L’arbitre de cette rencontre, Sébastien Delferière, est justement un des premiers noms à être sorti du chapeau dans cette affaire du « Footgate » . Celui qui aurait dû arbitrer le match Géorgie-Andorre en Ligue des nations ce samedi est soupçonné, comme son confrère Bart Vertenten, d’avoir entretenu des rapports étroits avec Dejan Veljković. Régulièrement en contact avec les deux arbitres selon les enquêteurs, le Serbe n’hésitait pas à entretenir leurs bonnes relations dès qu’il le pouvait. Le propriétaire d'un garage Volkswagen à Alost a même affirmé à TV Oost que Veljković « était venu acheter une voiture ici avec Delferière » . Troublante coïncidence.

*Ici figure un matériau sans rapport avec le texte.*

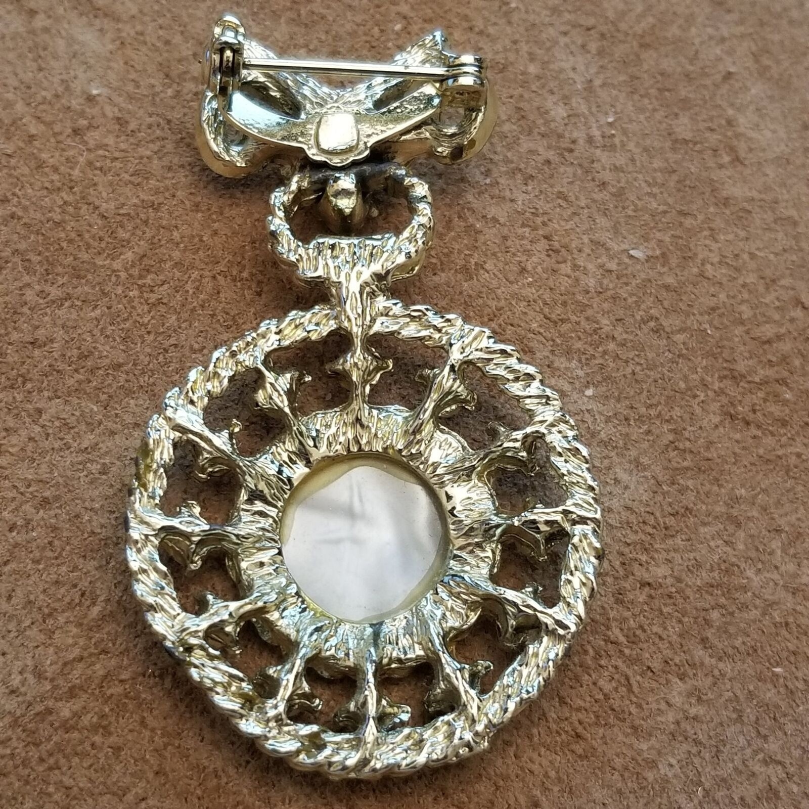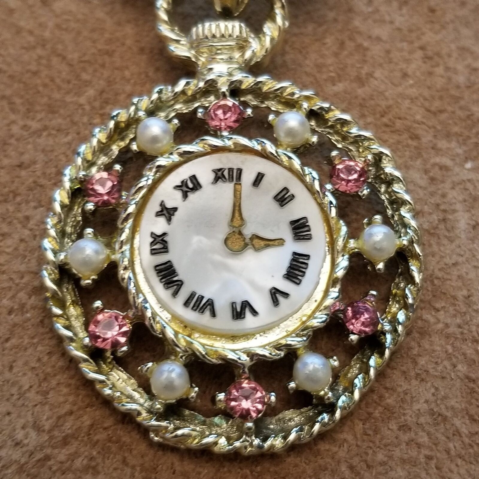 - Vintage Gold Tone Faux Clock Brooch with Pink Rhinestones & Faux Pearls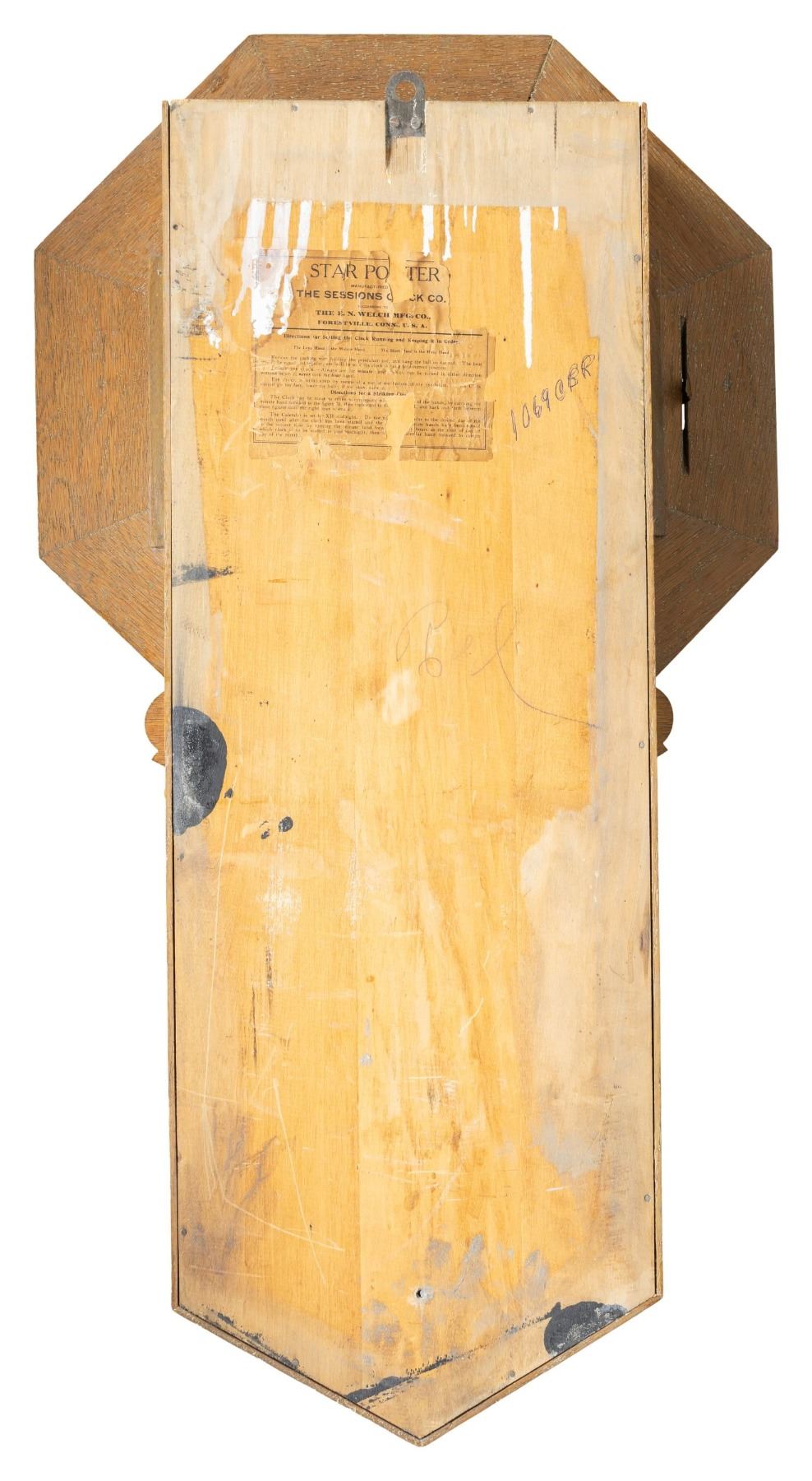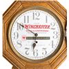 ADVERTISING CLOCK. From one of the finest private clock collections in the United States we offer this Winchester advertising clock. According to the sessions catalog this model was called Star Pointer and was manufactured during the 1920's. It is the rarest of all the Winchester advertising clocks produced by the Sessions Clock Co. as only a few are known to exist! The flawless golden oak case measures 33 inches tall, 18 inches wide, with a brilliant 12 inch original Winchester advertising dial.The clock is 100% original. The eight day movement is stamped sessions and has recently been serviced assuring decades of accurate use. Both glasses are old and wavy. The hands are original as is the pendulum that portrays the "W" logo. All the hardware, hooks and hinges are original. When hanging in your gun room it will attract fellow gun collectors to admire and gravitate to it upon entering the room. (02-25749/KAT). $3,000-5,000.

Mais ce qui frappe le plus parmi les 25 interpellations, c’est la diversité des membres qui les composent. Ivan Leko, l’entraîneur du FC Bruges qui dispute la Ligue des champions, a passé la nuit en cellule, contrairement à l’ancien manager général d’Anderlecht Herman van Holsbeeck, resté quinze ans au club, qui a lui aussi été entendu. Davy Roef et Olivier Myny, deux joueurs de Waasland-Beveren, font également partie du lot, tout comme deux journalistes travaillant pour le Nieuwsblad et le Laatste Nieuws.

Une catastrophe à tous les étages que Pierre Cornez, porte-parole de l'Union belge de football (URBSFA), ne minimise pas : « L'image du football belge subit des dommages considérables (...) que l'enquête du parquet fédéral pour fraude, blanchiment et matchs truqués aboutisse à quelque chose d'important ou non, les dégâts en matière d'image pour le football belge sont énormes. » Un dossier qui ne s’arrête d’ailleurs pas seulement aux frontières du Royaume.

Ce sont au total près de 13 perquisitions qui ont également été menées à l’étranger en France, au Luxembourg, à Chypre, et dans les Balkans, au Monténégro, en Serbie et en Macédoine. Près de 800 000 euros issus du blanchiment d’argent ont été confisqués lors de six perquisitions à Belgrade et dans le sud du pays, des fonds qui proviendraient « de transferts douteux en Belgique » selon la chaîne serbe N1. En attendant que « que le parquet fédéral fasse son travail et que la présomption d’innocence soit de mise, rappelle Pierre Cornez, le football belge continue de s’enfoncer dans la crise. » En attendant surtout de savoir quand il va toucher le fond.